Behind the news: Efforts to use AI for breast cancer detection began with earlier computer-aided detection (CAD) systems in the 1990s and 2000s, but the field accelerated in the mid 2010s as deep-learning models trained on large mammography datasets began outperforming older methods. In 2020, researchers at Google showed that an AI system could match or exceed expert radiologists in screening mammograms while reducing both false positives and false negatives. In late 2022, Google licensed the system to iCAD, which offers a breast-imaging platform, for deployment in real-world clinics. In 2023, Google and iCAD expanded their partnership into a 20-year worldwide commercialization agreement aimed at using Google’s AI as an independent “second reader” of 2D mammography. The partnership currently aims to secure regulatory approval for potential deployment in breast-cancer screening systems that use double-reading workflows.

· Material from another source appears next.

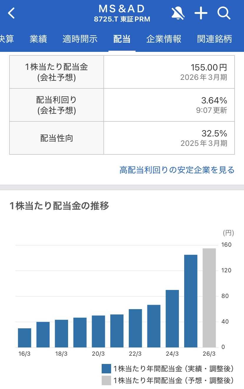 2026年3月、投資を始めた皆さんの状況はいかがでしょうか。市場は中東情勢などで揺れていますが、そんな時こそ、僕たちが保有している日本株の「還元力」をチェックする絶好の機会です。今回は、国内損保大手のMS&ADインシュアランス グループ ホールディングス株式会社(以下、MS&AD)の最新決算から、僕たちの資産に直結する「配当金」の情報を整理しました。難しい売上高や利益の数字は一旦置いておいて、一番大切な「お金の出口」に注目してみましょう。1株155円!2026年3月期の配当予想まず、投資家として最も嬉しいニュースからお伝えします。最新の発表によると、MS&ADの2026年3月期の年間配当予想は1株あたり155円となっています。これ、実はすごいことなんです。前の期(2025年3月期)の145円から、さらに10円の増配を見込んでいるということ。僕たちが100株持っていれば、年間で1万5500円(税引前)の配当金が受け取れる計算になります。新NISAの成長投資枠で持っていれば、この金額がまるまる手元に残る。これが「資産が働く」ということのリアルな手応えですよね。13期連続増配への挑戦と「累進配当」の安心感MS&ADが多くの投資初心者に支持されている理由は、その圧倒的な「継続力」にあります。もし今回の予想通りにいけば、なんと13期連続での増配を達成することになります。舩曵真一郎社長率いる経営陣は、株主還元に対して非常に積極的な姿勢を見せています。同社は、利益の状況にかかわらず配当を維持、または増額していく「累進配当」に近い考え方を掲げており、僕たちのような長期投資家にとっては、これ以上ない「心の安定剤」になってくれます。「もし大きな災害が起きたら配当が減るのでは?」と不安になるかもしれません。しかし、同社は政策保有株式(他社の株)を段階的に売却して資産を整理するなど、安定した還元を続けるための「体力作り」をしっかり進めています。自分の資産にどう影響する?この「155円」という数字は、単なるお小遣いではありません。1. 再投資による複利効果受け取った配当金をさらに別の株や投資信託に回すことで、資産の雪だるまはさらに大きく育ちます。2. インフレ対策物価が上がる時代において、企業が自ら「配当を増やしてくれる」ことは、自分自身の「給料」が増えるのと同じ効果があります。3. 精神的な支え株価が一時的に下がっても、「でも配当金は155円もらえるしな」と思えることで、パニック売りを防ぐことができます。断定はできませんが、こうした「株主を裏切らない姿勢」を持つ企業をポートフォリオの軸に置くことは、投資初心者にとって最も賢い戦略の一つと言えるのではないでしょうか。まとめMS&ADインシュアランス グループ ホールディングス株式会社。最新の状況を確認して分かったのは、彼らがどんな時も「株主と共に歩む」という強い意志を持っていることです。• 2026年3月期の配当予想は、力強い1株155円。• 13期連続増配を見込む、日本でもトップクラスの還元姿勢。• 「累進配当」の考え方が、僕たちの長期投資を支えてくれる。完璧なタイミングで売買しようと焦る必要はありません。こうした信頼できる企業を信じて、毎日少しずつ学びながら、自分のペースで資産を育てていきましょう。未来の自分のために。今日も一歩、冷静に積み上げていきましょう!▶ 大ちゃん✨保有銘柄一覧はこちら

Why it matters: Around 2.3 million women are diagnosed with breast cancer annually worldwide, and 760,000 don’t survive. Early diagnosis is critical. Yet the diagnostic system is overburdened. In the UK, for instance, a consultant breast radiologist has only four hours available weekly to look at the 5,000 scans they must read annually to maintain their certification. These studies show that AI can ease diagnostic workloads and improve outcomes by helping to prioritize scans or serving as a default co-reader. But they also highlight a need to build trust in the technology among doctors. This may require educating physicians in how AI systems work and making the systems’ output more explainable.

We’re thinking: As AI systems find their way into medicine, they raise important questions about the steps needed to build trust in the technology, and what checks and balances will yield the best outcomes. Developers can talk directly with doctors about what they need to gain trust in an AI system's output.